The use of nebulizers allows you to:

  • improve drug delivery to the lungs without increasing the dose;
  • achieve significant drug savings;
  • use treatment regardless of age and severity of the disease.

Nebulizer therapy provides the highest percentage of drug delivery to the distal parts of the respiratory tract (compared to any other delivery devices), regardless of the patient’s inhalation force, and is most suitable for relieving an attack of suffocation (or cough) of any severity, as well as for basic step-by-step therapy with transferring the patient, when the condition is stabilized, to the use of drugs using other delivery devices.

Bronchodilators

  • Fenoterol (Berotec). The drug helps to dilate the bronchi and facilitate the passage of air flow through the respiratory tract narrowed by inflammation. For inhalation, 1–2 ml of the drug is used, the effect lasts for 3 hours. It is used symptomatically depending on the severity of bronchospasm. During an exacerbation, on average it is used up to 4 times a day. Inhalation of Berotek through a nebulizer has significant advantages over a metered aerosol can: the drug acts directly in the smallest bronchioles, and does not settle in the oropharynx, is not absorbed into the blood and does not cause a lot of side effects (increased blood pressure, arrhythmias, tremor). When using a spray can, you must hold your breath for a few seconds after administering the drug, which is not always possible during a severe attack, or in children. This is not necessary when using a nebulizer.
  • Salbutamol. Used when bronchospasm occurs. Available in special nebulas of 2.5 ml. One nebula is used for inhalation; the therapeutic effect lasts for 4–6 hours. The number of inhalations depends on the severity of the underlying disease.
  • Ipratropium bromide (Atrovent). Inhale 2–4 ml, the effect lasts 5–6 hours. The bronchodilating properties of the drug are somewhat weaker than those of Berotek, but it is practically free of side effects and is more often prescribed to patients with cardiovascular diseases.
  • Combined bronchodilator Berodual (fenoterol + atrovent). 2–4 ml of solution are inhaled, the number of procedures depends on the patient’s condition.

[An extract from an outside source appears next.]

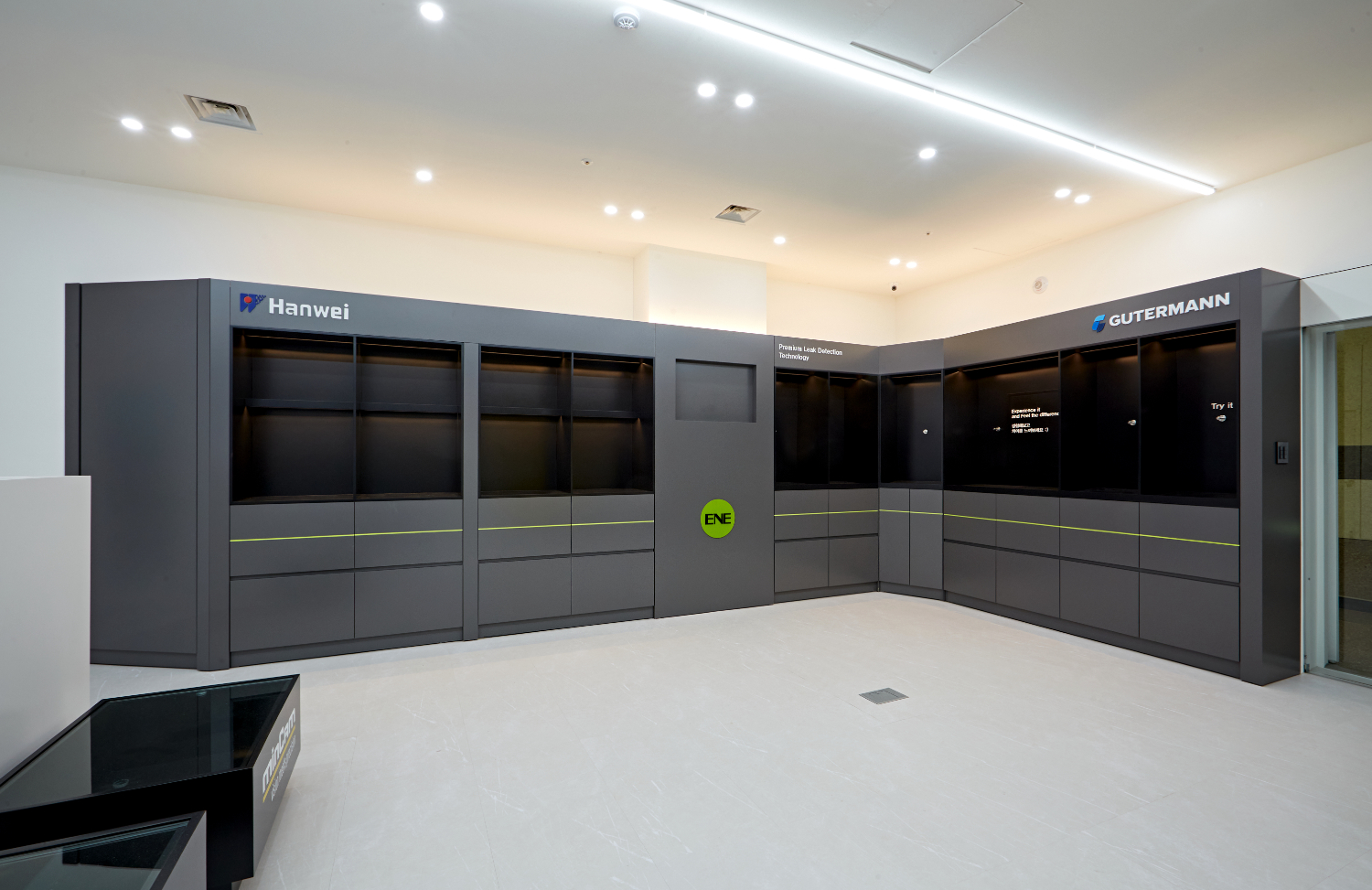 그레이색상으로 만들어낸 왼족의 파사드에서도 그린 컬러가 중앙을 관통하는 듯한 모습으로 매력 포인트를 연출하였습니다. 인천사무실인테리어는 보통 따분하거나 심플한 경우가 많은데요. 이번 현장은 정적인 모습을 유지하면서도 이런 색감 연출로 생동적인 느낌을 만들기 위해 노력했습니다.

Agents affecting sputum rheology

  • Lazolvan. The solution intended for inhalation is available in 100 ml bottles. Effectively dilutes viscous, difficult to separate sputum, as a result of which it becomes liquid and the patient can easily cough it up. Inhale 3 ml of the drug 4 times a day.
  • Fluimucil (acetylcysteine). Used as an expectorant, 3 ml several times a day.
  • Slightly alkaline mineral waters: “Borjomi”, “Narzan”, physiological solution in a dose of 3 ml 4 times a day.

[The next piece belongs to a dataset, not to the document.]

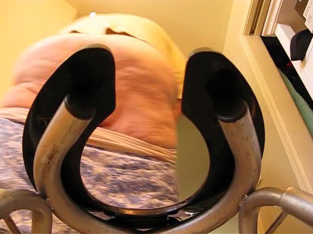 BBW babe shitting on a homemade toilet. She records her asshole in close up.

Antibacterial and antiseptic agents

Should be used only in the presence of a clinical diagnosis of bacterial damage to the bronchi.

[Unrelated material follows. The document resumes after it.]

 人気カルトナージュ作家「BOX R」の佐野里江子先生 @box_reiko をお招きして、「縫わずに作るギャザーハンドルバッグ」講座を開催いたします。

  • Fluimucil antibiotic IT. A two-component drug containing the antibiotic thiamphenicol and acetylcysteine, which effectively thins sputum. Prescribed for purulent bronchitis. The dry powder is dissolved in 5 ml of 0.9% sodium chloride and divided into 2 doses.
  • Dioxidin, miramistin. Broad-spectrum antiseptics. Used for purulent processes in a dose of 4 ml 2 times a day.
  • Furacilin. Antiseptic. Use a ready-made 0.02% solution, 4 ml 2 times a day.

Inhaled corticosteroids

Dexamethasone, budesonide, pulmicort. Nebulas 2 ml in various dosages. Used for broncho-obstructive syndrome. The dose and frequency depend on the severity of the disease and are selected by the doctor.

Lidocaine

In cases of obsessive dry cough, lidocaine inhalation through a nebulizer can be used as a symptomatic remedy. The drug, having local anesthetic properties, reduces the sensitivity of cough receptors and effectively suppresses the cough reflex. The most common indications for lidocaine inhalation are viral tracheitis, laryngitis and even lung cancer. You can inhale a 2% solution, available in ampoules, 2 ml 2 times a day. When prescribing several drugs simultaneously, the order should be observed. The first is a bronchodilator, after 10-15 minutes - an expectorant, after sputum is discharged - an anti-inflammatory or disinfectant.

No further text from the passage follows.